◆ WHAT IS REQUIRED
Down to the last line of the listing, starting at the one with "Lot 7 Omar Ronda, Audrey", retype each line exactly. Do not copy the pictures.

◆ DATA BELOW
============================================================

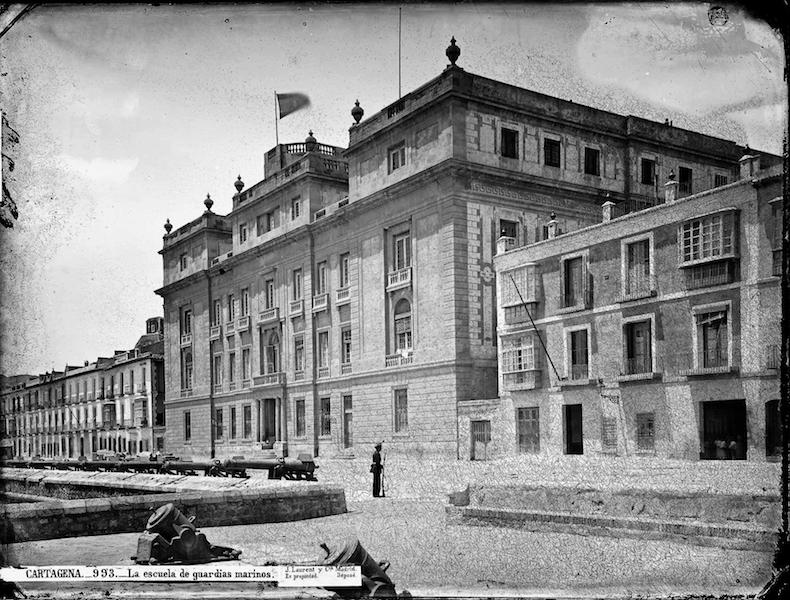 En el año 1731, reinando en España S.M. el rey Felipe V, darían comienzo las obras de construcción del Arsenal de Cartagena, que habrían de durar hasta poco más de 50 años, pues no se darían por concluidas hasta 1782, ya bajo el reinado de Carlos III. Poco tiempo después de darse por terminada tan magna obra, en 1788, daría comienzo la construcción de otro edificio singular de Cartagena, el que ubicado en la Muralla del Mar, se conoce como de “Servicios Generales”, inmueble que alberga a día de hoy diversas dependencias departamentales, aunque su uso primigenio fuera el de “Cuartel Escuela de Caballeros Guardiamarinas”.
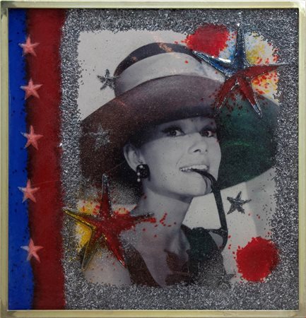 Lot 7 Omar Ronda, Audrey Frozen, 2010, Tecnica mista su tavola, 70x70 cm, Archiviazione presso Archivio Ronda, Pubblicazione su Catalogo Hollywood, Firma Titolo e Datazione al verso, Numero Archivio al verso, Cornice originale in omaggio
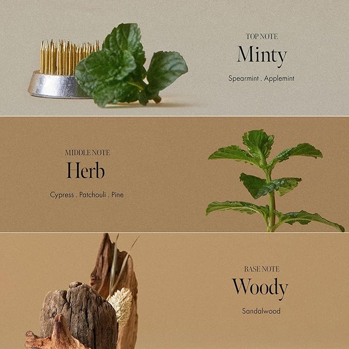 - Signature Scent with Herbal-Woody Notes : Top notes of mint, heart notes of herbaceous pine and patchouli, and a sandalwood base create a sophisticated, gender-neutral scent that lingers subtly in the hair.

============================================================

◆ THE COMPLETED TASK
 Lot 7 Omar Ronda, Audrey Frozen, 2010, Tecnica mista su tavola, 70x70 cm, Archiviazione presso Archivio Ronda, Pubblicazione su Catalogo Hollywood, Firma Titolo e Datazione al verso, Numero Archivio al verso, Cornice originale in omaggio
 - Signature Scent with Herbal-Woody Notes : Top notes of mint, heart notes of herbaceous pine and patchouli, and a sandalwood base create a sophisticated, gender-neutral scent that lingers subtly in the hair.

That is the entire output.